Recorded data
• • • • •
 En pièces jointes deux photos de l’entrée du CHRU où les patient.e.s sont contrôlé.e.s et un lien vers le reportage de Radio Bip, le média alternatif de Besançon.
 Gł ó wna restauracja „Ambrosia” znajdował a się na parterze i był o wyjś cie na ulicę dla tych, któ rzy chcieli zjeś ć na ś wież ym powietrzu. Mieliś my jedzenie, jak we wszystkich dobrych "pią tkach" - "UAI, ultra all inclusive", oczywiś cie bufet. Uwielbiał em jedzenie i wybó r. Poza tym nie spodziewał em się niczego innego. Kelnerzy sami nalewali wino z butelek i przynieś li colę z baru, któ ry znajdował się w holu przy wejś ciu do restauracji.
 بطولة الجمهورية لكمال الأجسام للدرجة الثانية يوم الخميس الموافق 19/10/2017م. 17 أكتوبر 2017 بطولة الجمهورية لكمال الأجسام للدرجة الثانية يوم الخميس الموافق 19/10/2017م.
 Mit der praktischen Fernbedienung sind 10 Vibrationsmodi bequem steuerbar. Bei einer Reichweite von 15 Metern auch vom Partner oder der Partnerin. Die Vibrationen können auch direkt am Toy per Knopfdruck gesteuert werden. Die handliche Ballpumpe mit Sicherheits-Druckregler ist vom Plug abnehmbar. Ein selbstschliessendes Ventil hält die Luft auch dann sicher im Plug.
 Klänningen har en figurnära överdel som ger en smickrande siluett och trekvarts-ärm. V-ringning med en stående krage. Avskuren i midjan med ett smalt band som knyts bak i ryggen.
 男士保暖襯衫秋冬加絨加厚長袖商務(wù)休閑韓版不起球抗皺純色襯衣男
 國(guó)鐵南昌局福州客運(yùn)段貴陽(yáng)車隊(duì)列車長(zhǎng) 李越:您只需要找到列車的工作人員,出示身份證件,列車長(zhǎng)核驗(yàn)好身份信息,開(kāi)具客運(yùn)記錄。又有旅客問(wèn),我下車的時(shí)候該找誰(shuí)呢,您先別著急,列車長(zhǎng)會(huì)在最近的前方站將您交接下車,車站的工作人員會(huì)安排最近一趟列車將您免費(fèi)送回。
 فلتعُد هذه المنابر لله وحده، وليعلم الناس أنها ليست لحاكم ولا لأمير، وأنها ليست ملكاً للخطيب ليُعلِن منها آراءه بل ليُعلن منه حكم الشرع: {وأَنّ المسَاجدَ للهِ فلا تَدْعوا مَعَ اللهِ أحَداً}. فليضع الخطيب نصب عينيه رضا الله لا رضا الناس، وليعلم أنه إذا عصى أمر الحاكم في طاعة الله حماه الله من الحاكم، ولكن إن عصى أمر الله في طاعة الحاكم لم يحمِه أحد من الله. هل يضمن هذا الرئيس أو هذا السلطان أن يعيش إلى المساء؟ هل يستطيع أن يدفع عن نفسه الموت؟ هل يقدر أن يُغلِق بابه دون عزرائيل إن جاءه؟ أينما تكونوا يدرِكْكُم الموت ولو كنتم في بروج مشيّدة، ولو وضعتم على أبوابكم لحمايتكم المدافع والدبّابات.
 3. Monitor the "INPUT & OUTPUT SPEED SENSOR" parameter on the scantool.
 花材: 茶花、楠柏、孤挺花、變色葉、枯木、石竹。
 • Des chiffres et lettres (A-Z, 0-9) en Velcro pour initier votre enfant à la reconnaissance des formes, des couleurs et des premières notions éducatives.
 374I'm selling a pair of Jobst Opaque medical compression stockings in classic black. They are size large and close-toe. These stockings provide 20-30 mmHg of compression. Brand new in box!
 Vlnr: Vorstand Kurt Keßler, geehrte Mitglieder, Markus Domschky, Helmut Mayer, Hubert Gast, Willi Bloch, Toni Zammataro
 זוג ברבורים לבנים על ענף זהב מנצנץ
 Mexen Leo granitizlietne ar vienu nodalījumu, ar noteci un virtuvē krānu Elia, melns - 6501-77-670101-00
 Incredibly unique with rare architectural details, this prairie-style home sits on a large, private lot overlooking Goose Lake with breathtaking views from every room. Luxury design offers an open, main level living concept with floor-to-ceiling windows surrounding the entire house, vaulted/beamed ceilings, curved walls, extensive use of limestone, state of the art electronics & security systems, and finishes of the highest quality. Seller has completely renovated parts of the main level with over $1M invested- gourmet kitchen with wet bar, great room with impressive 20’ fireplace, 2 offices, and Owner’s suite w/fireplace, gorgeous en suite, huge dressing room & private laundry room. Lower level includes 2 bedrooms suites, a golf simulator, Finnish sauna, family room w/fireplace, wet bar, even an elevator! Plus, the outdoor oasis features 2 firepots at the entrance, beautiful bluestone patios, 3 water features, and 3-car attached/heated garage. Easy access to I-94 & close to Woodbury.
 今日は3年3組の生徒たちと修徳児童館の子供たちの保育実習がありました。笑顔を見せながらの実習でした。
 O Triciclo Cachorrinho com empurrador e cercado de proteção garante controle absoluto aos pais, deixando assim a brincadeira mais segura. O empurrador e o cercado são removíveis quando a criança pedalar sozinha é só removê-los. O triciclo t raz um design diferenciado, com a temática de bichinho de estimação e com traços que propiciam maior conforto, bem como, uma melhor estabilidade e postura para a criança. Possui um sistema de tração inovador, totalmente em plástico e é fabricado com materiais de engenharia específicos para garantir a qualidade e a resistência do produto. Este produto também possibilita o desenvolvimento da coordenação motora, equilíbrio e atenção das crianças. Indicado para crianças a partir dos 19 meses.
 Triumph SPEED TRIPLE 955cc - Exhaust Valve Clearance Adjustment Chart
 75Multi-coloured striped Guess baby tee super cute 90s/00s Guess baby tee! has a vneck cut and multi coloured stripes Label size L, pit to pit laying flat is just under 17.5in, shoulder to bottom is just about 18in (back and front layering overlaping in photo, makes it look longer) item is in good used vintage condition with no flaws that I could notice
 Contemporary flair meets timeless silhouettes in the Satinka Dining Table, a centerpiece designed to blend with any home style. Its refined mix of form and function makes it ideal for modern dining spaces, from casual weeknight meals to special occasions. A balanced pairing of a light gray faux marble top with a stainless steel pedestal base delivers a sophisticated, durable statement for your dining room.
• • • • •
:: Work item ::
Transcribe each record exactly. Leave nothing out.

:: Completed exercise ::
 En pièces jointes deux photos de l’entrée du CHRU où les patient.e.s sont contrôlé.e.s et un lien vers le reportage de Radio Bip, le média alternatif de Besançon.
 Gł ó wna restauracja „Ambrosia” znajdował a się na parterze i był o wyjś cie na ulicę dla tych, któ rzy chcieli zjeś ć na ś wież ym powietrzu. Mieliś my jedzenie, jak we wszystkich dobrych "pią tkach" - "UAI, ultra all inclusive", oczywiś cie bufet. Uwielbiał em jedzenie i wybó r. Poza tym nie spodziewał em się niczego innego. Kelnerzy sami nalewali wino z butelek i przynieś li colę z baru, któ ry znajdował się w holu przy wejś ciu do restauracji.
 بطولة الجمهورية لكمال الأجسام للدرجة الثانية يوم الخميس الموافق 19/10/2017م. 17 أكتوبر 2017 بطولة الجمهورية لكمال الأجسام للدرجة الثانية يوم الخميس الموافق 19/10/2017م.
 Mit der praktischen Fernbedienung sind 10 Vibrationsmodi bequem steuerbar. Bei einer Reichweite von 15 Metern auch vom Partner oder der Partnerin. Die Vibrationen können auch direkt am Toy per Knopfdruck gesteuert werden. Die handliche Ballpumpe mit Sicherheits-Druckregler ist vom Plug abnehmbar. Ein selbstschliessendes Ventil hält die Luft auch dann sicher im Plug.
 Klänningen har en figurnära överdel som ger en smickrande siluett och trekvarts-ärm. V-ringning med en stående krage. Avskuren i midjan med ett smalt band som knyts bak i ryggen.
 男士保暖襯衫秋冬加絨加厚長袖商務(wù)休閑韓版不起球抗皺純色襯衣男
 國(guó)鐵南昌局福州客運(yùn)段貴陽(yáng)車隊(duì)列車長(zhǎng) 李越:您只需要找到列車的工作人員,出示身份證件,列車長(zhǎng)核驗(yàn)好身份信息,開(kāi)具客運(yùn)記錄。又有旅客問(wèn),我下車的時(shí)候該找誰(shuí)呢,您先別著急,列車長(zhǎng)會(huì)在最近的前方站將您交接下車,車站的工作人員會(huì)安排最近一趟列車將您免費(fèi)送回。
 فلتعُد هذه المنابر لله وحده، وليعلم الناس أنها ليست لحاكم ولا لأمير، وأنها ليست ملكاً للخطيب ليُعلِن منها آراءه بل ليُعلن منه حكم الشرع: {وأَنّ المسَاجدَ للهِ فلا تَدْعوا مَعَ اللهِ أحَداً}. فليضع الخطيب نصب عينيه رضا الله لا رضا الناس، وليعلم أنه إذا عصى أمر الحاكم في طاعة الله حماه الله من الحاكم، ولكن إن عصى أمر الله في طاعة الحاكم لم يحمِه أحد من الله. هل يضمن هذا الرئيس أو هذا السلطان أن يعيش إلى المساء؟ هل يستطيع أن يدفع عن نفسه الموت؟ هل يقدر أن يُغلِق بابه دون عزرائيل إن جاءه؟ أينما تكونوا يدرِكْكُم الموت ولو كنتم في بروج مشيّدة، ولو وضعتم على أبوابكم لحمايتكم المدافع والدبّابات.
 3. Monitor the "INPUT & OUTPUT SPEED SENSOR" parameter on the scantool.
 花材: 茶花、楠柏、孤挺花、變色葉、枯木、石竹。
 • Des chiffres et lettres (A-Z, 0-9) en Velcro pour initier votre enfant à la reconnaissance des formes, des couleurs et des premières notions éducatives.
 374I'm selling a pair of Jobst Opaque medical compression stockings in classic black. They are size large and close-toe. These stockings provide 20-30 mmHg of compression. Brand new in box!
 Vlnr: Vorstand Kurt Keßler, geehrte Mitglieder, Markus Domschky, Helmut Mayer, Hubert Gast, Willi Bloch, Toni Zammataro
 זוג ברבורים לבנים על ענף זהב מנצנץ
 Mexen Leo granitizlietne ar vienu nodalījumu, ar noteci un virtuvē krānu Elia, melns - 6501-77-670101-00
 Incredibly unique with rare architectural details, this prairie-style home sits on a large, private lot overlooking Goose Lake with breathtaking views from every room. Luxury design offers an open, main level living concept with floor-to-ceiling windows surrounding the entire house, vaulted/beamed ceilings, curved walls, extensive use of limestone, state of the art electronics & security systems, and finishes of the highest quality. Seller has completely renovated parts of the main level with over $1M invested- gourmet kitchen with wet bar, great room with impressive 20’ fireplace, 2 offices, and Owner’s suite w/fireplace, gorgeous en suite, huge dressing room & private laundry room. Lower level includes 2 bedrooms suites, a golf simulator, Finnish sauna, family room w/fireplace, wet bar, even an elevator! Plus, the outdoor oasis features 2 firepots at the entrance, beautiful bluestone patios, 3 water features, and 3-car attached/heated garage. Easy access to I-94 & close to Woodbury.
 今日は3年3組の生徒たちと修徳児童館の子供たちの保育実習がありました。笑顔を見せながらの実習でした。
 O Triciclo Cachorrinho com empurrador e cercado de proteção garante controle absoluto aos pais, deixando assim a brincadeira mais segura. O empurrador e o cercado são removíveis quando a criança pedalar sozinha é só removê-los. O triciclo t raz um design diferenciado, com a temática de bichinho de estimação e com traços que propiciam maior conforto, bem como, uma melhor estabilidade e postura para a criança. Possui um sistema de tração inovador, totalmente em plástico e é fabricado com materiais de engenharia específicos para garantir a qualidade e a resistência do produto. Este produto também possibilita o desenvolvimento da coordenação motora, equilíbrio e atenção das crianças. Indicado para crianças a partir dos 19 meses.
 Triumph SPEED TRIPLE 955cc - Exhaust Valve Clearance Adjustment Chart
 75Multi-coloured striped Guess baby tee super cute 90s/00s Guess baby tee! has a vneck cut and multi coloured stripes Label size L, pit to pit laying flat is just under 17.5in, shoulder to bottom is just about 18in (back and front layering overlaping in photo, makes it look longer) item is in good used vintage condition with no flaws that I could notice
 Contemporary flair meets timeless silhouettes in the Satinka Dining Table, a centerpiece designed to blend with any home style. Its refined mix of form and function makes it ideal for modern dining spaces, from casual weeknight meals to special occasions. A balanced pairing of a light gray faux marble top with a stainless steel pedestal base delivers a sophisticated, durable statement for your dining room.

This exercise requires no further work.